Теперь, когда это предположение было высказано вслух, Катена ощутил нечто вроде облегчения. С тех самых пор, как Жан Жак Трепанье ворвался на сцену, епископа не покидало чувство, что над братством нависла угроза. Он слишком долго пробыл в Европе и растерял свойственный американцам дар предпринимательства, умение подавать себя. Его общество превратилось во что-то столь же пыльное и несущественное, как дикастерии Римской курии, которые оно критиковало. Боже милосердный, подумать страшно, как поступит с тайным посланием благословенной Девы Марии фигляр Трепанье!

— И деньги, — добавил Харрис.

Деньги. Катена пристально посмотрел на Харриса. Тот закрыл глаза и кивнул — настоящий будда в человеческом обличье, маленький и толстый. Три искушения грозят человеку, посвятившему жизнь служению Господу: женщины, алкоголь и деньги.
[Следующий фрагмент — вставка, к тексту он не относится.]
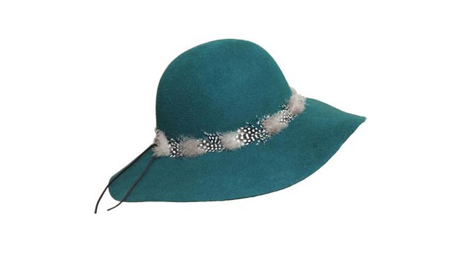 100%純羊毛的帽子,厚實的大檐羊毛帽,帽身圍繞一圈黑白相間的羽毛,別致而時尚。

И тот, кто совершенно неуязвим перед двумя первыми, практически неизменно беспомощен перед третьим. Соблазн чувственного наслаждения, обузданный и подавленный в одной форме, способен неожиданно проявиться в другой, поработив душу. Неусыпная бдительность — вот ключ. Что касается пристрастия к выпивке, сейчас его более или менее объясняют болезнью, а не моральным дефектом. Однако оба этих порока, тяга к женщинам и к алкоголю, представляются конкретными, земными, гораздо больше свойственными человеку, чем искушение абстрактными деньгами.